Prezydent Rosji Władimir Putin nakazał wstrzymanie szturmu na zakłady Azowstal w Mariupolu. To reakcja na zapewnienia ministra obrony Rosji Siergieja Szojgu, że miasto zostało zdobyte przez Rosjan.
W fabryce Azowstal broniło się ok. 2 tys. ukraińskich żołnierzy, w tym członkowie Pułku Azow. Według ukraińskich władz schronienie znalazło tam też ponad tysiąc cywilów.
Rano minister obrony Rosji Siergiej Szojgu oznajmił, że miasto zostało zdobyte. Wtedy Władimir Putin oznajmił, że nakazuje wstrzymanie szturmu na Azowstal. Fabryka ma być natomiast blokowana. Uważam szturm za niepotrzebny. Nakazuję go odwołać - oświadczył Putin podczas narady na Kremlu.

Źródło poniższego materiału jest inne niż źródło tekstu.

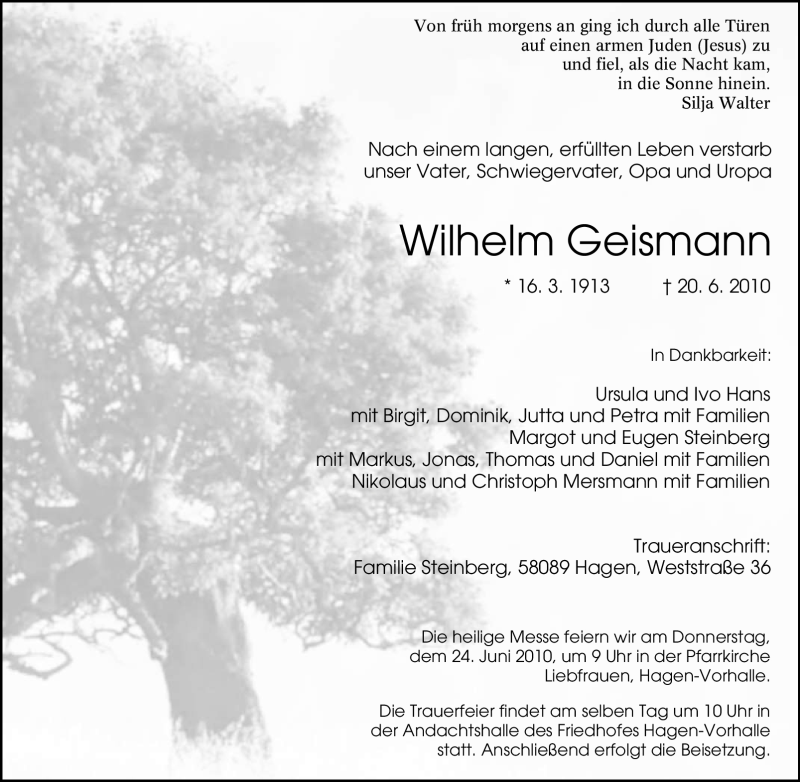 Hier finden Sie alle Traueranzeigen aus der Zeitung, die bisher für Wilhelm Geismann erschienen sind. Weitere Traueranzeigen, die in der Zeitung erscheinen, werden hier ebenfalls aufgelistet

#Putin called the storming of #Azovstal's industrial zone in #Mariupol unreasonable and ordered its cancellation. pic.twitter.com/ieGFVIqqEr
nexta_tv21 kwietnia 2022
Putin stwierdził, że jego celem jest oszczędzenie życia rosyjskich żołnierzy. Nie ma potrzeby, by wchodzić do tych katakumb i się czołgać - mówił. Zablokujcie strefę przemysłową tak, by nawet mucha nie mogła się przecisnąć - dodał.
Wezwał też ukraińskich żołnierzy w Azowstalu do poddania się. Zapewnił, że będą traktowani z szacunkiem i zostanie im zapewniona pomoc medyczna.
Wcześniej o tym, że Mariupol i Azowstal dziś upadną mówił przywódca Czeczenii Ramzan Kadyrow. Przed obiadem albo po obiedzie Azowstal będzie pod kontrolą rosyjskich oddziałów - oświadczył Kadyrow, który jest uważany za bliskiego sojusznika Putina.
Wicepremier Ukrainy Iryna Wereszczuk wezwała Rosję do pilnego zapewnienia korytarza humanitarnego w celu ewakuacji ludności cywilnej z Azowstalu. "Znajduje się tam teraz blisko 1000 cywilów i 500 rannych wojskowych. Trzeba ich dzisiaj wyciągnąć z Azowstalu" - napisała Wereszczuk na swoim Facebooku.
Mariupol jest oblężony przez Rosjan od początku marca. W mieście trwają ciągłe ostrzały i bombardowania. Sytuacja cywilów jest katastrofalna - według ostrożnych szacunków mogło tam już zginąć ponad 20 tys. osób.
Zdobycie Mariupola, portu nad Morzem Azowskim, umożliwiłoby Rosjanom stworzenie korytarza lądowego do okupowanego Krymu, a także miałoby dla nich ogromne znacznie propagandowe. Zajęcie miasta pozwoliłoby też Kremlowi uwolnić znaczne siły do szerokiej ofensywy w pozostałej części Donbasu.